Aren't we still children? Do we really know what cares there actually are in the world? We pretend we do. We pretend like our math load is too much to handle. We pretend that we are too busy with some things to do other things. But the reality is, we aren't. I've lost count of how many times I've psyched myself out with my homework load, thinking that I will have no time for anything else. The outcome is always the same, though. I have free time.
But when you look at adults, do they get the free time we do? I don't know about you, but it seems like my dad never has any free time. And that's when I have to reflect back on my own life. Reflect back on what really matters at this point in my life. Is it school? Is it my social life? (Psych! Hahahaha. What social life.) Is it the extracurricular activities we are involved in? Is it close friends? What is it? Because some things come, and some things go, but only a few things stay. And I think that's what we should focus on.
So what things stay? It's hard to say, seeing as we can't look into our future. Will our best friends stay with us? Will the relationships we have formed at this time in our lives stay? Will the knowledge we "gained" in all of our science classes stay? (Hahahaha, no.) What matters? And what if what we think matters, really doesn't matter? And if what we think doesn't matter, does? What then? Well my friends, that is the point people start to have mental, and sometimes physical, breakdowns.

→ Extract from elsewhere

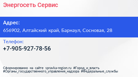 Энергосеть-Сервис по адресу 656902, Алтайский край, Барнаул, Сосновая, 28 в дальнейшем Организация, размещена в следующих категориях:

One thing I am sure of, however, is God's love. And that is one thing that is certain to stay. One of the most profound lyrics in modern music, in my opinion, comes from the song, "Don't You Worry Child." When I first heard it, I was like, "What? There is hope for the world??" The line was this:
Don't you worry child, don't you worry child, see heaven's got a plan for you.
And aren't we still children? Don't we still run around on summer days with no cares in the world? Do we really need to worry about what life will bring? Because as much as we do worry, and as hard as it is to stop, we really have no need to. Because heaven has a plan for us. All we need to do is trust.
Well, I was right! That went everywhere. I also made a new discovery about myself after proof-reading: all of my blog posts seem to end with faith in God, in some way. I don't mean to preach, I just post what I believe. I also think it's kind of significant as well. Don't all of our lives eventually tie back to God in the end? Just a thought.
Hmmmm. Mmkay. I'm done now. Bye guys.